Recycled to the Landfill

(Toronto, Ontario) The Toronto Star investigated organic waste recycling in the city, known as the green bin program, to document how food scraps and similar garbage are processed into compost for save-the-planet efforts on farms and gardens.

Reporter Moira Welsh went to the Newmarket, Ont., recycling facility of the Halton company and videotaped steaming loads of compost being dumped onto tractor-trailer trucks. The trucks were then followed for hundreds of miles to a landfill near Flint, Michigan. Reporters observed the trucks dumping the compost load into a section of the landfill.

So, instead of putting table scraps in regular garbage for customary trucking to a Michigan landfill, Toronto residents must pay a premium to separate the organic waste and place it in special "green bins" which are collected in special trucks and transported 60 miles north of Toronto for processing at a Newmarket compost facility which ultimately loads the composted waste into a truck that then travels at least 300 miles to Flint, Michigan, for dumping in the same landfill that customarily receives regular Toronto garbage.

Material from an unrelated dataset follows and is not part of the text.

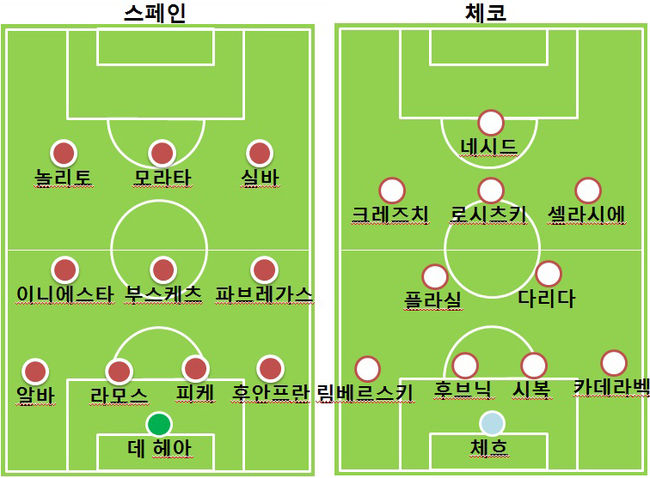 스페인은 놀리토, 모라타, 실바 스리톱을 내세웠다. 이니에스타, 부스케츠, 파브레가스가 중원을 맡았다. 알바, 라모스, 피케, 후안 프란이 포백을 서고 디 헤아가 골키퍼로 나온 4-3-3 라인업이었다. 체코 역시 중원 사령관 로시츠키와 골키퍼 체흐를 앞세워 맞섰다.

Halton Recycling has admitted to sending organic waste to the landfill.
Jack McGinnis, a spokesperson for Halton, told the Star this week that Halton could not process some of the organics because they had turned "liquid" by the time the company received them.

Managers were also worried about health and safety issues for their workers, so they felt they were "doing the right thing" by shipping the waste to the landfill.
Therefore, the company asserts that the identified episode was isolated and resulted from circumstances beyond its control. Interestingly, the landfill manager added inconsistent clarification.
The first five loads were so contaminated with plastic and glass that they were dumped in the landfill with the rest of the day's garbage.

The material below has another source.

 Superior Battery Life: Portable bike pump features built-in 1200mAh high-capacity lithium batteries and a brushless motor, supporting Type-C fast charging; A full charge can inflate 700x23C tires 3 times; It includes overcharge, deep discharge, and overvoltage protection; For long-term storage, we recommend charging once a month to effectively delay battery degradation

The final two loads were sent to the landfill's "compost" section, an isolated spot where unfinished material is left in outdoor piles.
I would suggest that all parties involved are not on the same page with their stories. In any event, the City of Toronto reportedly fired Halton Recycling.

[Add.] Oh, by the way, Toronto and the whole province of Ontario should be used to criticism of their recycling efforts. In a report from earlier this year, sharp criticism emerged when it became known that 20,000 tons annually of Toronto's recyclables were being transported across the continent by train to Vancouver where the trash was loaded on ocean freighters bound for South Korea and China.

People have questioned the logic of recycling Toronto-produced trash in Asia when such a "huge carbon footprint" is created in the process.